The present invention relates to improved armor structures, and particularly to improved armor structures which can be provided in the form of composite tile, modules containing a plurality of tiles and panels containing assemblies of tiles and/or modules.

The present invention is especially suitable for use in providing lightweight ballistic protection against incoming objects which present threats of harm and damage to persons and property. The term ballistic should be taken not only to mean that the objects presenting the threat originate in firearms such as rifles, pistols and artillery pieces but also fragments of bombs, grenades, or from explosions. In the form described herein, the invention is especially adapted to handle projectile threats from such lightweight projectiles as bullets, whether from rifles or machine guns, shrapnel and other fragmentary objects. Heavier weight projectiles such as rocket propelled projectiles, explosive artillery shells and bombs may also be handled by suitably configuring the modules and panels provided in accordance with the invention. The invention may be used to provide protective wall structures to shield shelters for personnel, aircraft and other equipment. Armor tiles, tile modules and panels, embodying the invention may also be mounted on vehicles (cars, trucks and tanks), on aircraft such as helicopters on boats and ships, and around equipment so as to provide effective ballistic protection against penetration from incoming objects or spall resulting from such objects. Tiles provided by the invention may also be assembled in a vest or other garment to provide ballistic protection for personnel.

BACKGROUND

Armor protection is usually provided by steel or other homogenous material plates which retard and hopefully prevent the penetration of incoming missiles, primarily by material shear strength and strain energy to failure. Even if penetration is prevented, plasmas and shock waves resulting from the missile can cause break up, usually tensile failure, of the inside wall of the plate. This results in the armor plate itself creating missiles, known as spall, which can injure personnel and damage equipment. The armor may be in the form of several plates in series which can move and chop the projectile or the plasma jet created by the projectile, thereby diverting the projectile. Such plates slide as they are penetrated and are referred to as Chobham armor. Spall nevertheless can result upon impact of the Chobham armor. The homogeneous nature of the armor, whether as individual slabs or slidable plates, provides a good conductor of shock waves which is the major contributor for the spall. Reactive armor has been suggested which explodes on impact. The explosion opposes the incoming shock wave and penetrator, causing their diversion. So called explosive or reactive armor even if modularized can explode in unison causing even more severe damage to the vehicle on which the reactive armor is mounted than the incoming threat. Also, the replacement of the reactive armor modules is difficult.

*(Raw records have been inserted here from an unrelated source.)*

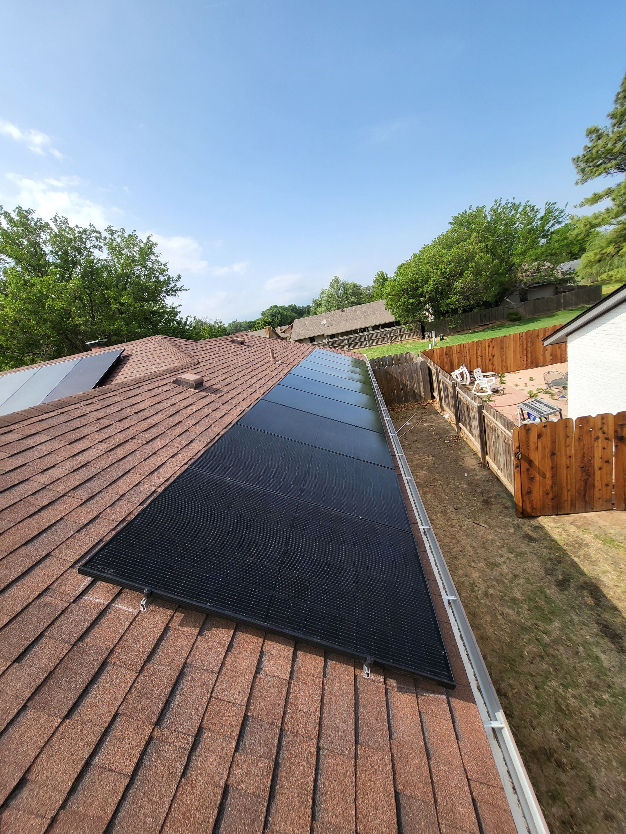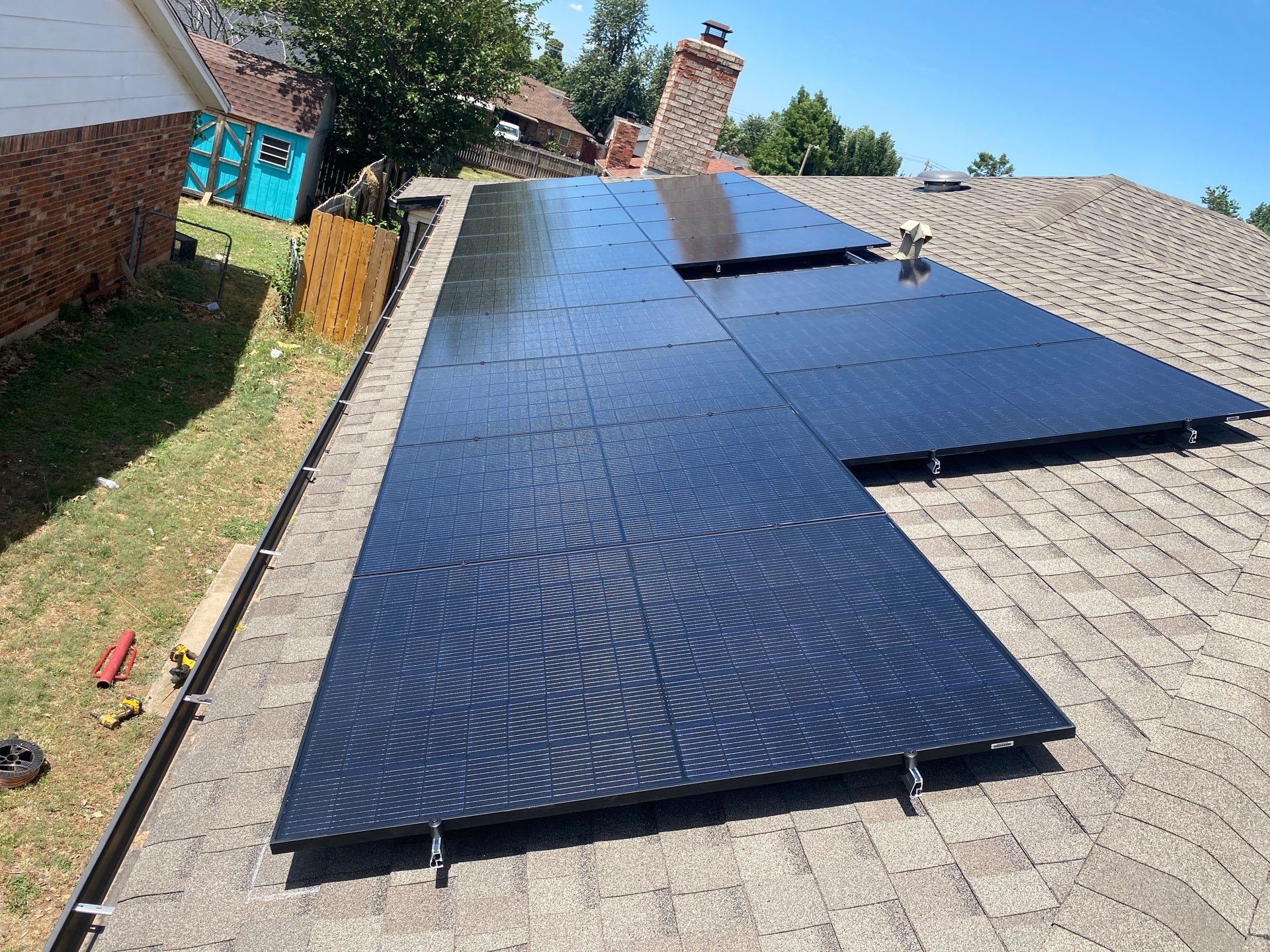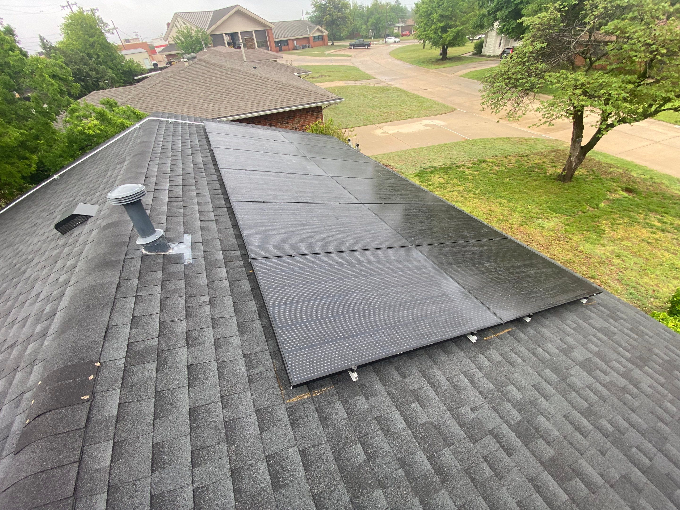 Okie Solar was amazing. They came to our home with an professional team of experts. They came in and assessed our roof and within a couple of days we had a plan and financial figures. They did request a down payment of half the total cost of the project to get on the schedule. And that is understandable considering the costs of materials associated with such projects. Their electrical team came out and removed our 16.3KW, 44 panel solar array. Unfortunately, we were battling weather and active leaking in our roof. It rained for days but Rick, Amna and Matt assured us they would get the job done as soon as weather permitted. A break in the weather came and their roofing crew got to work. It took roughly three days to complete demolition and removal of the old roofing material, and installation of the new TPO roof. This is a flat roof, and it required special considerations. Considerations the original solar installers neglected, causing serious damage to the mod-bit roof that was there before. Not more than a day later, Okie Solar's electrical team returned to install the array. During the process, two of our panels were damaged, Okie Solar replaced them at no cost to us. The installation took two days and we were back online, producing power. Amna came for final inspection and suggested that the solar crew return and tidy up a few visible wires. They cam the next day and did the work. The project was not cheap, but the final outcome is without price. We are so grateful to Rick and his team for making things right and fixing damage done by the botched installation of another company that has since gone out of business. Big thanks to Okie Solar for the work they did for us, making our home whole again. And thanks to our neighbors across the street for suggesting we contact you.
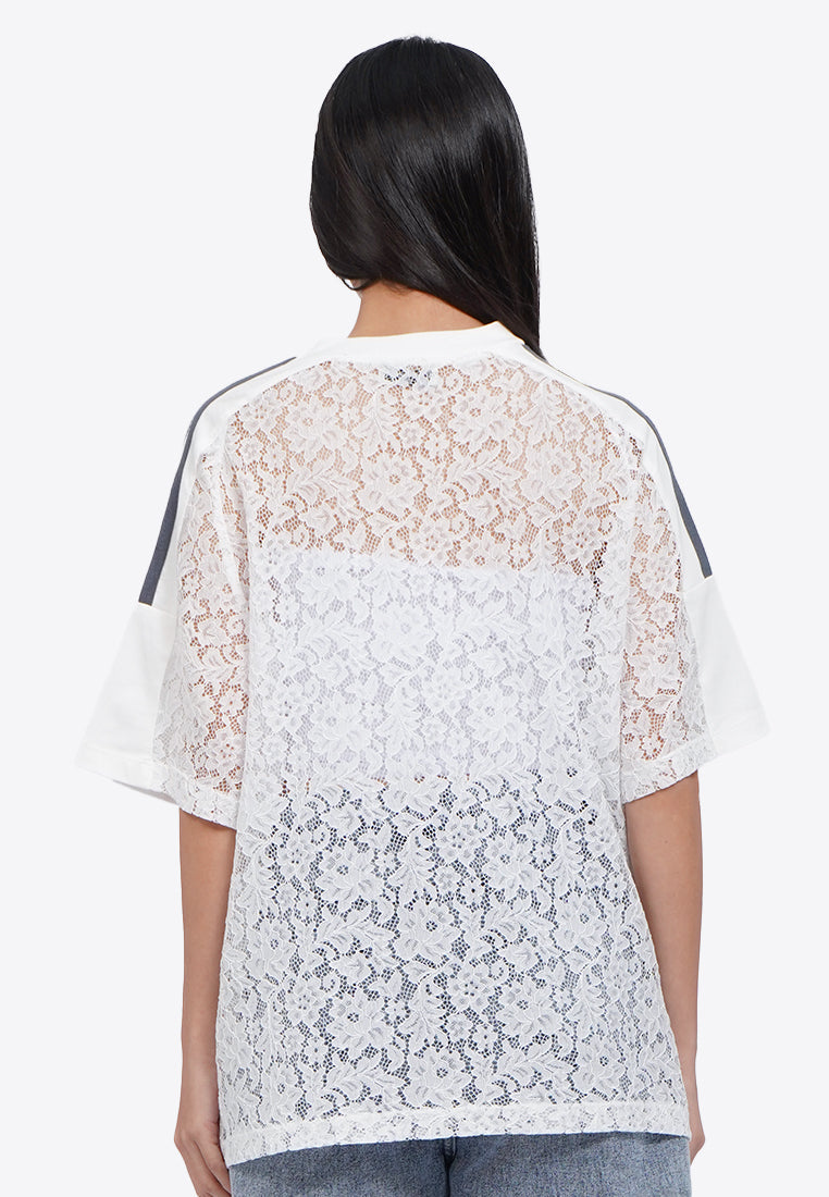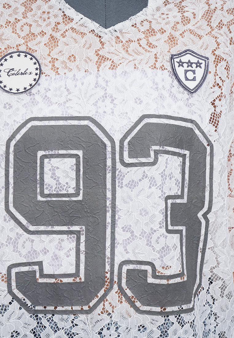 Oversized V-Neck Lace Jersey
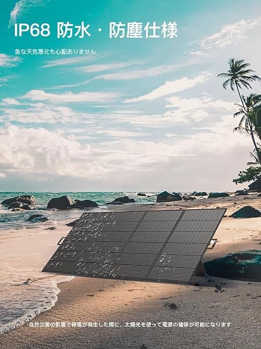 軽量折り畳み式の設計、太陽光を最大限吸収するため展開時の横幅は約2.2mですが、折り畳み時はわずか0.55m、どこでも持ち運び可能です。優れたIP68防水防塵性能を備え、防水性と耐久性が高い素材を採用し、屋外使用に設計され、レザー製のハンドル付きって持ち運びやすいです。背面収納ポケット付き、付属品に加え、ケーブルなどの小物も収納できます。キャンプ、ハイキング、登山などのアウトドアに最適です。
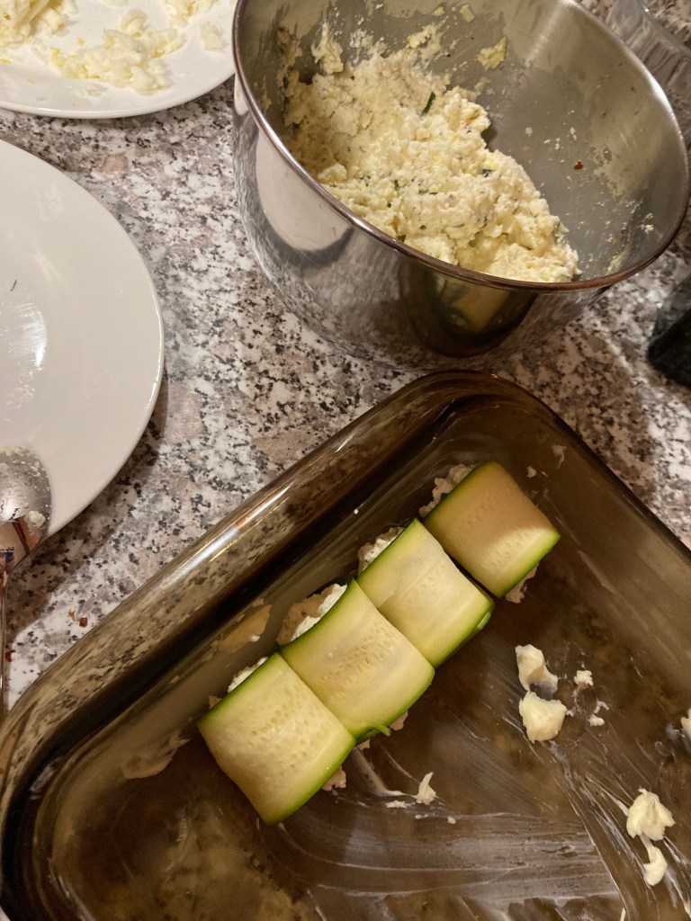 - Add 1–2 teaspoons of filling to the end of each zucchini ribbon.
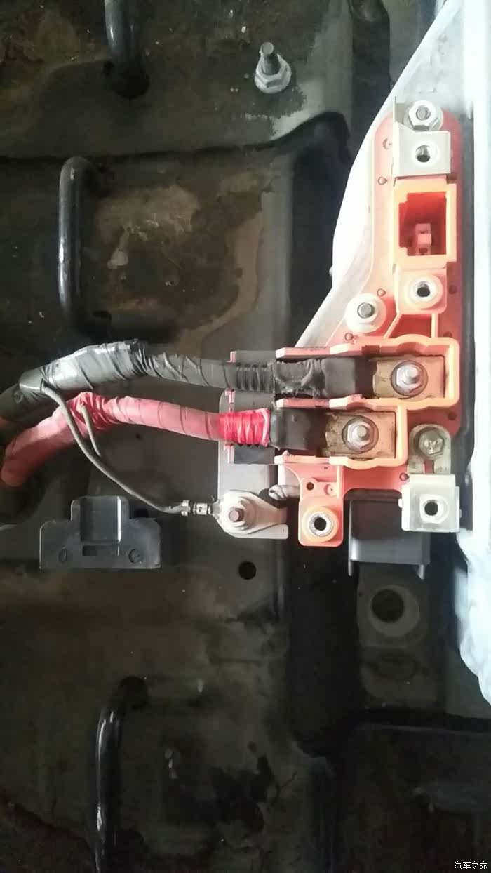 将动力线拆除,并用绝缘胶带进行缠绕做好防护措施、将电池包周围螺丝拆除,控制线束接插件拔掉、排气管拔掉,可直接将电池包抬下来、拔控制器接插件的时候要非常小心,不然容易导致线拉断!
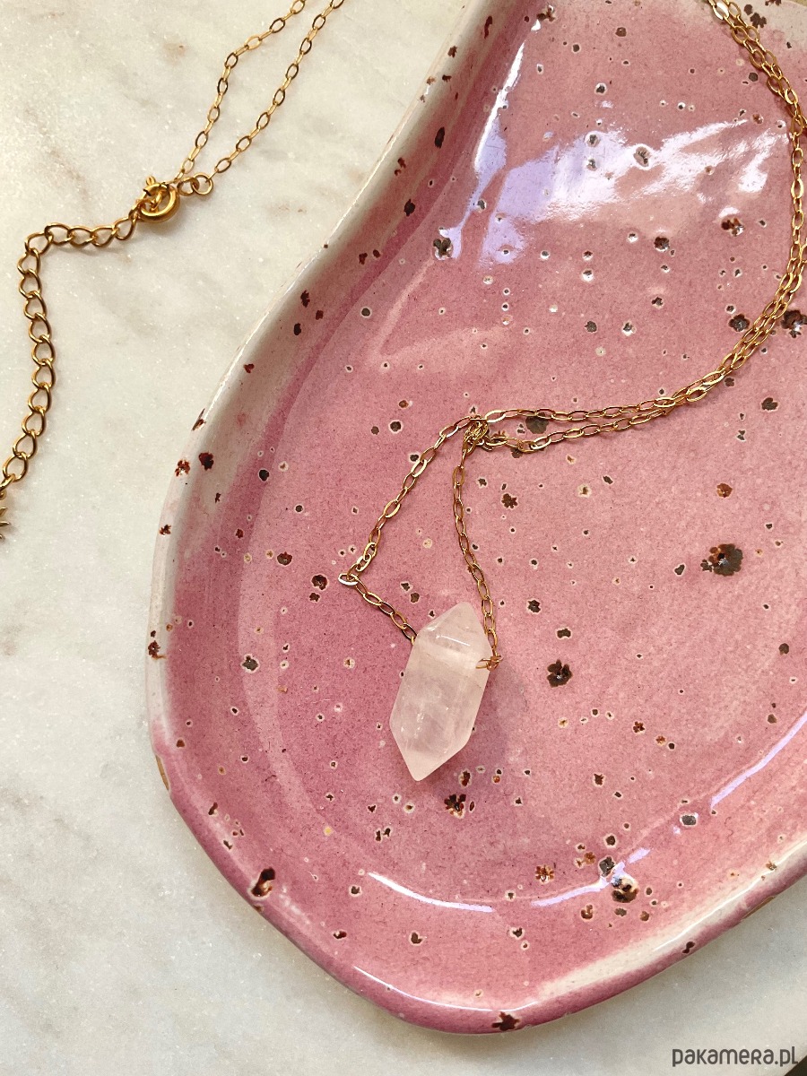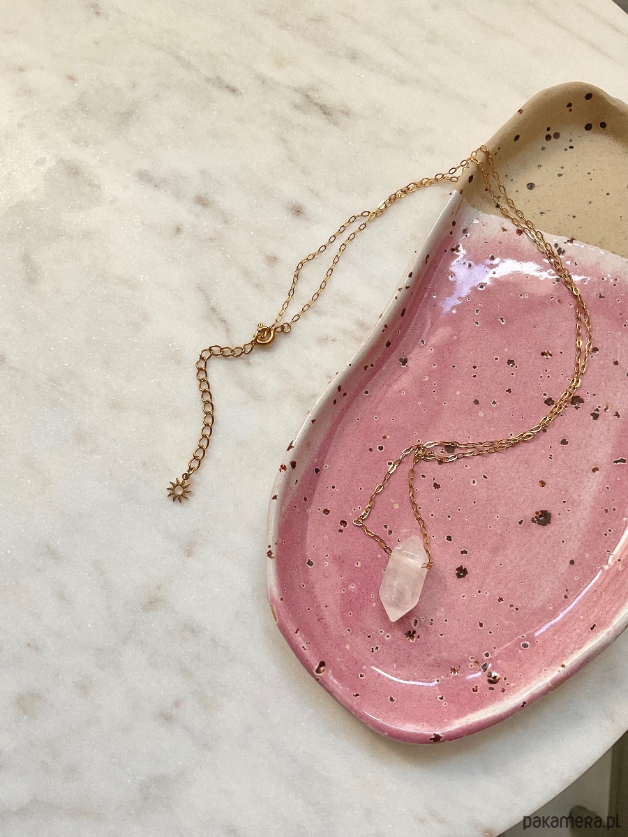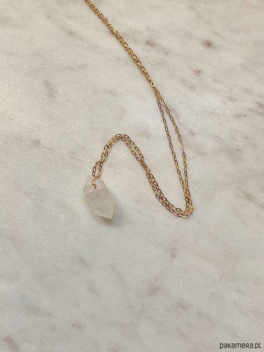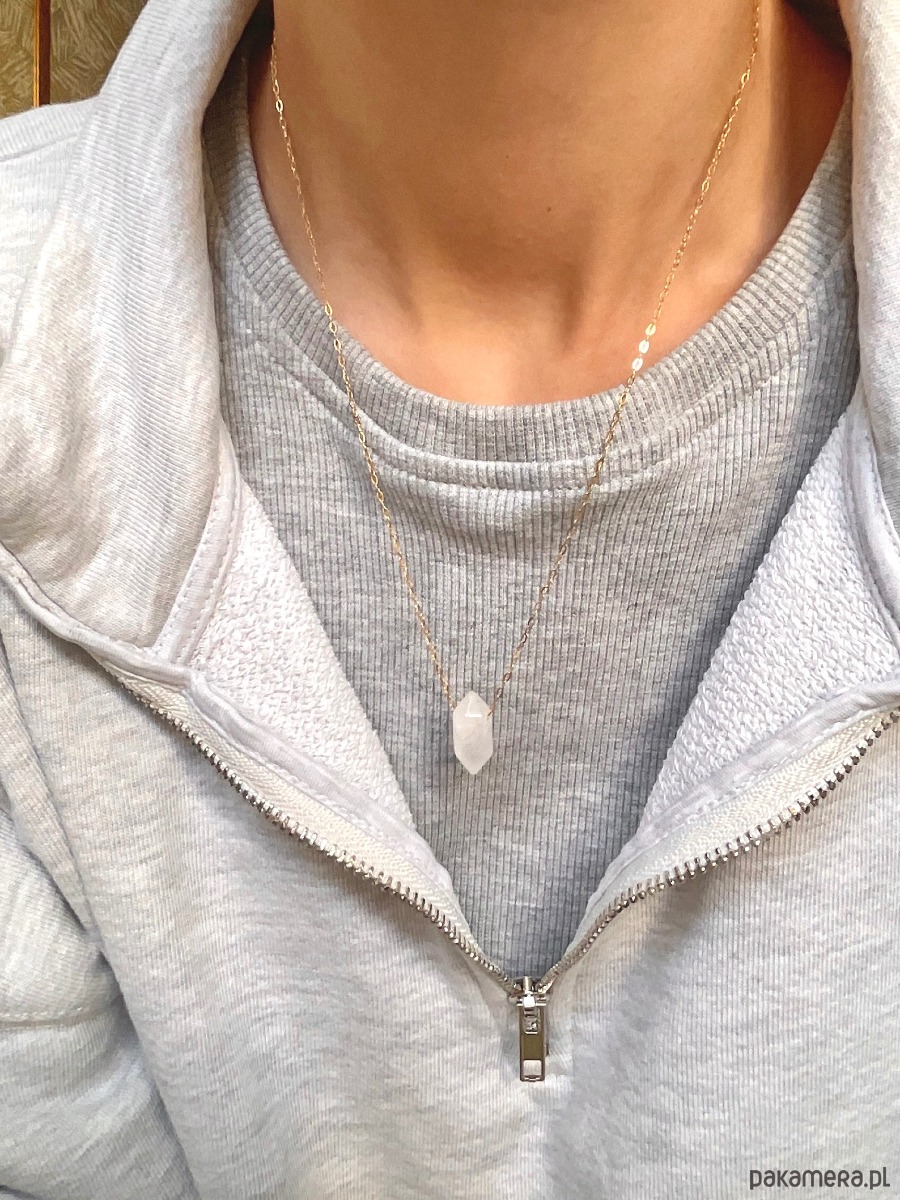 Złoty naszyjnik ze stali chirurgicznej o długości 50 cm z soplem z kryształu górskiego.
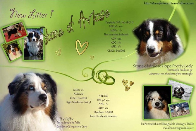 Se mariage est réalisé avec Camille Voisin (elevage de la montagne étoilée) qui est aussi la propriètaire de Fifty le papa des bébés. Bien entendu les 2 parents sont testés pour les dysplasies, tares occulaires et géntiquement (AOC, APR, HSF4 et MDR1)
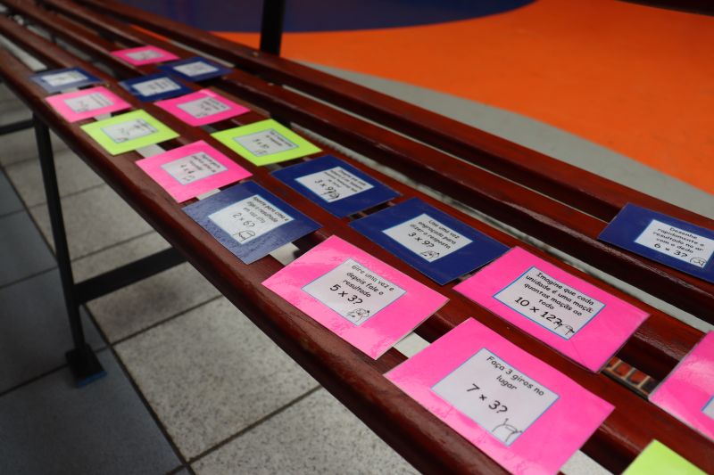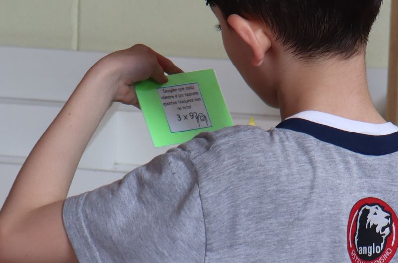 Com o intuito de auxiliar os alunos no estudo das tabuadas, a Professora propôs desafios em que eles deveriam realizar as operações apresentadas.
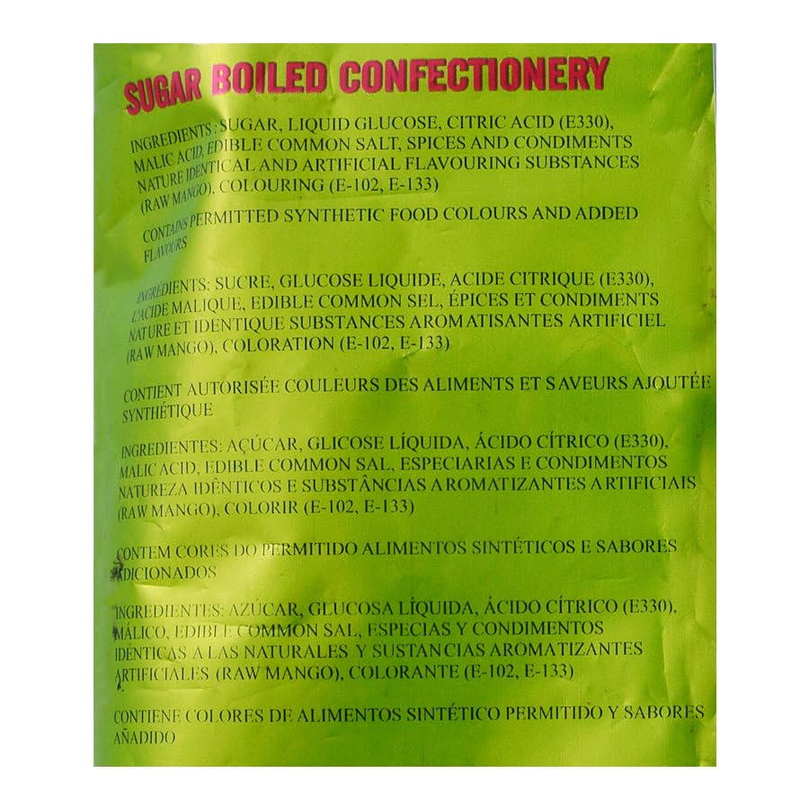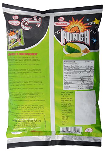 The product in displays is a pack of punch candy which consists of sugar liquid glucose citric acid (e330) malic acid edible common salt spices and condiments nature identical artificial flavouring substances (raw mango)colouring (e-102 e-133)contains permitted nature and synthetic food colours and added flavours.The package contains 170 pcs and has shelf life of 24 months. It is recommended to store in a cool & dry place away from direct sunlight and away from odourful products such as soaps etc.
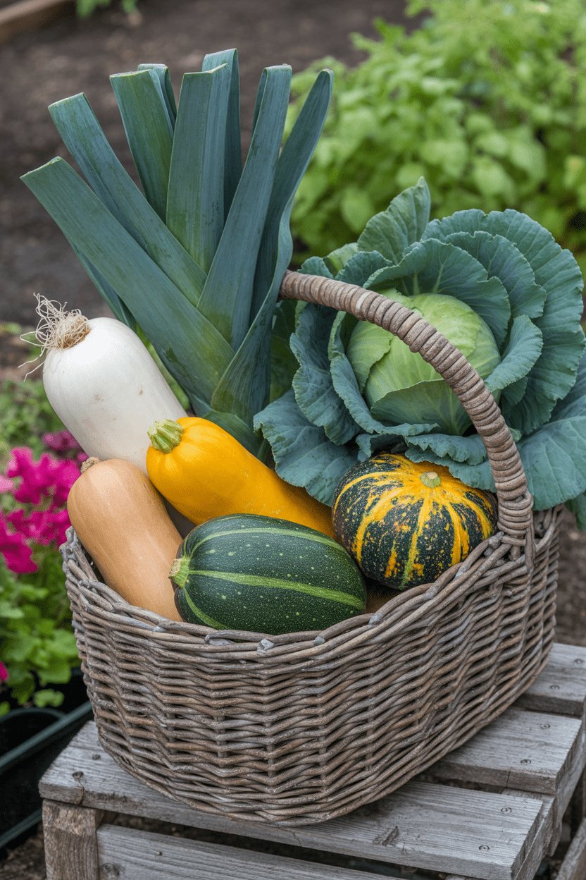 A basket full of squash, kale, and leeks makes for a vibrant fall harvest. Squash needs room, but kale and leeks tuck neatly nearby. Staggering planting times ensures your basket stays colorful for weeks.

In order to provide complete ballistic protection against high kinetic energy threats, even in the case of lightweight ballistics (excluding hyper velocity threats or shaped charges) requires a heavy armor, when steel or steel plates are used. Even armor using ceramic or plastics, such as Kevlar⁽¹⁾ (aramid fibers) does not provide complete lightweight ballistic protection. Lightweight ballistics which must be completely stopped and can be stopped in accordance with the invention are typified by the following data:

Type I—Material-Tungsten; velocity 4920 ft/sec; shape-sphere; diameter 0.63 inch; weight 40 grams; and kinetic energy (KE)=33117 ft-lb.

Type II—material-tungsten; velocity 2600 ft/sec; shape cylindrical (L/D=4) (where L is the length of the cylinder and D is its diameter); diameter 0.33 inches; weight 25.4 grams; and KE 5873 ft-lb. Calculations and tests indicate that to be effective in providing complete lightweight ballistic protection to these threats the foregoing steel plate-type armor would weigh at least 140 pounds per square foot of frontal area. It will be apparent that such protection would add an impractical weight burden in the case of aircraft, and would add such a load that it would be practical only for powerful vehicles such as tanks and half-tracks or on large ships. Aircraft so protected could not become airborne. For example, helicopters cannot be so overloaded and be operable. Revetments and walls would also be so heavy as to preclude their practical portability. Shelters so protected could not be portable but would necessarily be permanent installations which would not meet tactical objectives. Accordingly, the problem remains to provide effective ballistic protection without the severe weight penalty imposed by conventional armor. It is also desirable to provide complete protection without the dangers incident to the use of reactive, explosive armor. (1) Dupont Trade Name

It has been calculated that an armor structure, embodying the invention, providing complete ballistic protection equivalent to steel armor having an estimated weight of 140 pounds per square frontal foot would weigh only 49 pounds per square frontal foot. The weight would be less when threats having less energy than those listed above are to be protected against. For less kinetic energy bullets or ballistic fragments, an area density of about 9.77 pounds per square frontal foot can be achieved with armor structures embodying the invention. This is based upon employing only one 3″×3″×¾″ thick tile element such as shown in FIG. 1 oriented obliquely (e.g. 45 degrees) to the incoming threat. With modules all layed-up at 0° facing toward the threat field the weight would be only 8.63 pounds per square foot of frontal area because fewer tiles are needed to span the area to be protected. Also, for many threats even thinner tiles (less than ¾″) will be needed which will further reduce the necessary weight. Accordingly, ballistic protection of the type provided by bullet proof vests can be provided utilizing the invention. Also, semi-permanent or quickly and easily positionable walls of revetments and shelters (for example, for the protection of aircraft) may be provided in accordance with the invention.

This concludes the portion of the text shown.